Exercise directions: The needed output is the run of lines below from the one containing "建筑独特 好看 寺里有个吃素斋的" through the one containing "Le Trionic Walker", copied exactly and free of pictures.

Given entries:
┄┄┄┄┄┄┄┄┄┄

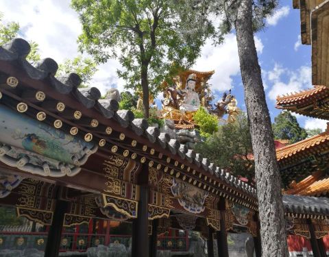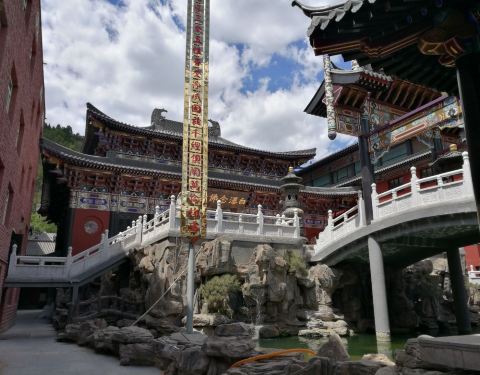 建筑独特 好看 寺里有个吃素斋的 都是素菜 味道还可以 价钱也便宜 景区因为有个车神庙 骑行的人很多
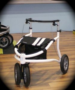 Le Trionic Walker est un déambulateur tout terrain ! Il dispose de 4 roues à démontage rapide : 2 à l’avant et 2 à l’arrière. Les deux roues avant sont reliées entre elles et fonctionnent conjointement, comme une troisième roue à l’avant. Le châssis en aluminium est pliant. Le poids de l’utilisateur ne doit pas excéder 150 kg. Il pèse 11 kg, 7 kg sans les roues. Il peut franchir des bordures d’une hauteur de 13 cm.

┄┄┄┄┄┄┄┄┄┄

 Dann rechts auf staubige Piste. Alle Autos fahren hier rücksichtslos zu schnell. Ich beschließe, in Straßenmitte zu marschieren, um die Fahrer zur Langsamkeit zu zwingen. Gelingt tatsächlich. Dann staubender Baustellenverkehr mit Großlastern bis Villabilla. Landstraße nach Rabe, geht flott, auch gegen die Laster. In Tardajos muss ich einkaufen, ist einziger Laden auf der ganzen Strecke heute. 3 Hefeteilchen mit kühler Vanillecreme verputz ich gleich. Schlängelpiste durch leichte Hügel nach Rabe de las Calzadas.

┄┄┄┄┄┄┄┄┄┄

Result of this task:
 建筑独特 好看 寺里有个吃素斋的 都是素菜 味道还可以 价钱也便宜 景区因为有个车神庙 骑行的人很多
 Le Trionic Walker est un déambulateur tout terrain ! Il dispose de 4 roues à démontage rapide : 2 à l’avant et 2 à l’arrière. Les deux roues avant sont reliées entre elles et fonctionnent conjointement, comme une troisième roue à l’avant. Le châssis en aluminium est pliant. Le poids de l’utilisateur ne doit pas excéder 150 kg. Il pèse 11 kg, 7 kg sans les roues. Il peut franchir des bordures d’une hauteur de 13 cm.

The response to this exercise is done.